Kapolres Banjarbaru, Pius X Febry Aceng Loda, mengatakan laporan awal diterima dari orang tua seorang anak yang mengaku mengalami intimidasi. Namun setelah dilakukan pendalaman, polisi menemukan, anak yang dilaporkan juga diduga menjadi korban perundungan di lingkungan sekolah tersebut.

 

“Setelah kami menerima laporan dan melakukan penyelidikan, diketahui, anak terlapor ini juga merupakan korban bullying. Salah satu yang diduga melakukan perundungan adalah anak dari pelapor sendiri,” ujarnya.

 

Menurut Kapolres, persoalan tersebut berkembang hingga menimbulkan trauma pada salah satu anak yang terlibat.
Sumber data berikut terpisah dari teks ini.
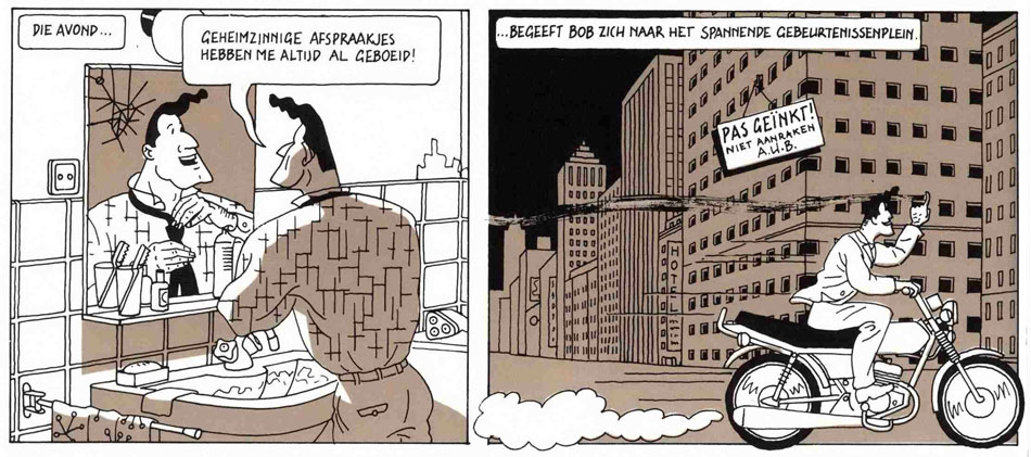 In Humo, Vermassen started using the pseudonym Fritz Van den Heuvel, inspired by the name of Belgian artist and comic pioneer Frits Van den Berghe, in whose former house he lived at the time ("Heuvel" means hill in Dutch and "Berg" is mountain). His most recognizable character became the recurring anti-hero Bob De Kerpel, a big-chinned simpleton with a large black quiff. Since Humo also ran Kamagurka and Herr Seele's 'Cowboy Henk', some readers felt Bob and Henk had a very comparable design. However, interviewed by Toon Dohmen for ZozoLala magazine in 1993, Vermassen said that Seele originally didn't draw Henk with a big chin and only remodelled him after the 'Bob De Kerpel' stories started appearing. Presented as a "demolisher of TV sets", Bob starred in five stories: 'De Verdwenen Stembanden' (1989), 'Het Valse Kunstgebit' (1990), 'Operatie Vrouwenhart' (1991), 'De Vermaledijde Daders' (1994), 'De Rijzende Ster/'De Extravagante Exploten' (1997, 2001). Technically, Bob is present in only four-and-a-half, since 'De Vermaledijde Daders' starts off with a different protagonist, Lex Lenin, who originated in a previous two-page one-shot comic by Van den Heuvel: 'Lex Lenin Wordt Beroemd'. In 'De Vermaledijde Daders', Lenin investigates the notorious criminal Frans Daders until our hero falls from a cliff halfway through the story and dies. A Union of "Famous Comic Characters" holds a speedy conference to find a suitable replacement, but Lucky Luke and Asterix "are too busy with their own adventures", Superman "has a headache", Mickey Mouse "is too concerned with his branch in Paris", a Smurf needs to visit a speech therapist, while Tintin "only does commercials nowadays". In the end, De Kerpel is brought back to finish the story.

Bahkan, anak tersebut dikabarkan memilih pindah sekolah karena merasa tidak nyaman.

 

Meski proses hukum tetap berjalan, Polres Banjarbaru mengedepankan pendekatan perlindungan anak dengan memfasilitasi mediasi bersama pihak sekolah, pemerintah daerah dan sejumlah pihak terkait.

 

“Kami memberikan ruang untuk kedua belah pihak melakukan mediasi dengan melibatkan pihak sekolah, pemerintah daerah, hingga mendapat perhatian dari Ibu Wali Kota Banjarbaru. Mudah-mudahan ruang ini bisa dimanfaatkan agar ada titik temu dan anak-anak yang menjadi korban bisa kembali bergaul normal,” katanya.

 

Kapolres juga mengimbau masyarakat tidak mudah terprovokasi informasi yang belum tentu sesuai fakta di lapangan dan meminta publik mempercayakan proses penanganan kepada kepolisian.

 

Sementara itu, Kasat Reskrim Polres Banjarbaru, Ari Handoyo, menjelaskan laporan yang diterima berkaitan dengan dugaan intimidasi terhadap seorang anak saat perjalanan pulang sekolah.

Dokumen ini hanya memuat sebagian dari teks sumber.